Les gagnants 2010

Les gagnants 2010

Sont ici

Sans titre (1er prix)

 

Vingt-cinq kilos, telle est la règle, et toute excentricité de poids allègera la bourse du voyageur au profit des compagnies aériennes. C’est maigre, vingt-cinq kilos, surtout pour transporter en terre étrangère le bagage de vingt ans d’existence : cela inclut le nécessaire, exclut le frivole et impose un choix qui déchire allègrement nos âmes pour peu que celles-ci soient vulnérables quant aux objets utiles ou totémiques ou allégoriquement significatifs. « Le Comte de Monte-Cristo » édition Pléiade, ou « La Sainte Bible » en processus de décomposition de notre défunte grand-maman chérie?

J’ai contemplé les nuits futures où seul le mal du pays me tiendrait compagnie.

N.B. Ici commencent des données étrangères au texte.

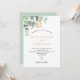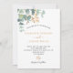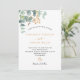 A chic white background. Decorated with green watercolored eucalyptus leaves, sprigs, greenery and a faux gold sprig. Personalize and add your names and wedding details. Black and golden letters.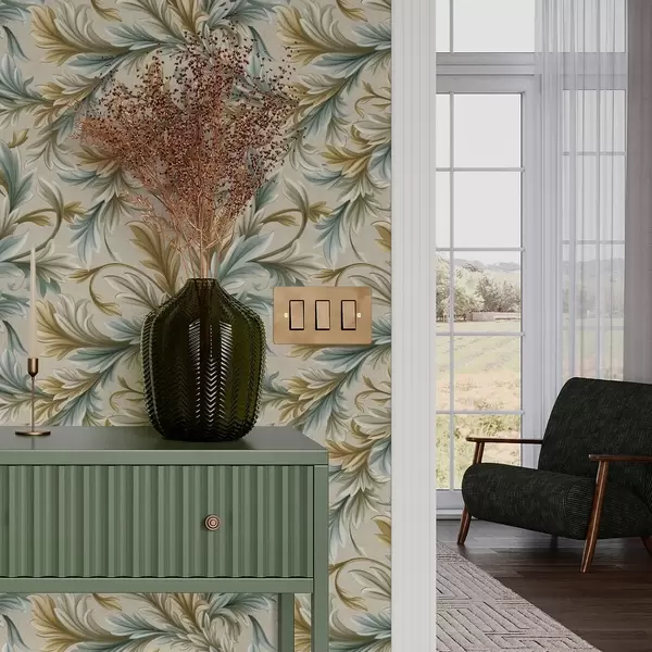 Tapety Objętościowe liście w pastelowych odcieniach zieleni i beżu Nr. a00674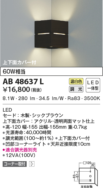 | 補足・注意事項 | ◆消費電力:8.1W ◆光束値:280lm ◆12VA(100V) ◆色温度:3500K ◆演色性:Ra83 ◆光源寿命:40,000時間 ◆調光範囲(100~約1%) ◆上下面カバー付 ◆凹部コーナーライト ◆適合調光器別売 ◆天井近接限度10cm |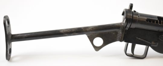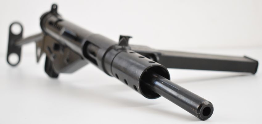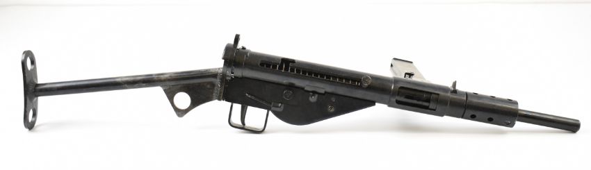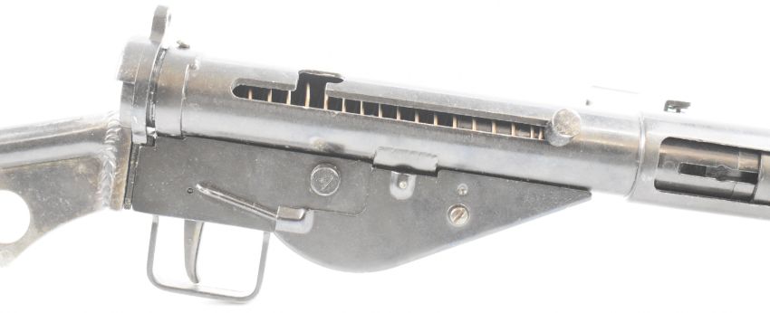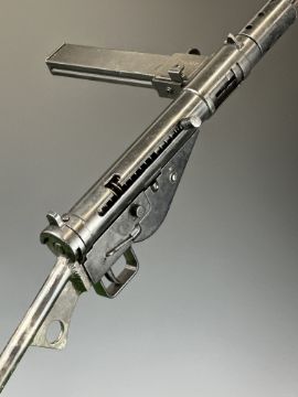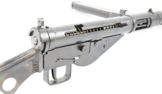 Denix replica Sten Mk II 9mm sub machine gun with top plate stamped 'Sten Mk II', extended magazine and eight inch barrel, overall length 76cm.

Quel ouvrage me réconforterait le plus? Au final, j’ai pris les deux et j’ai légué ma trousse de premiers soins à ma mère.

Parmi les choses pesant plus de vingt-cinq kilos et ne pouvant donc pas être amenées, il y a le fauteuil rose où j’ai embrassé mon premier copain, mon groupe d’amis, mes parents, même mon labrador Miguel. À tous, j’ai dit de ne pas venir me voir à l’aéroport pour éviter les adieux larmoyants qui pourraient me faire regretter cette Grande Quête d’Identité. Mensonge de ma part. Être seule, coincée entre familles et couples, avec leurs larmes et leurs ballons, ça me terrifie. Je voulais juste vérifier s’ils m’aimaient assez pour ne pas respecter mes volontés. Ils me respectent. J’essaie de sourire, un sourire plein d’espoir, de jeunesse, d’aventure, de confiance en la vie, rien à faire, ma tentative est sabotée par des spasmes incontrôlables et gênants.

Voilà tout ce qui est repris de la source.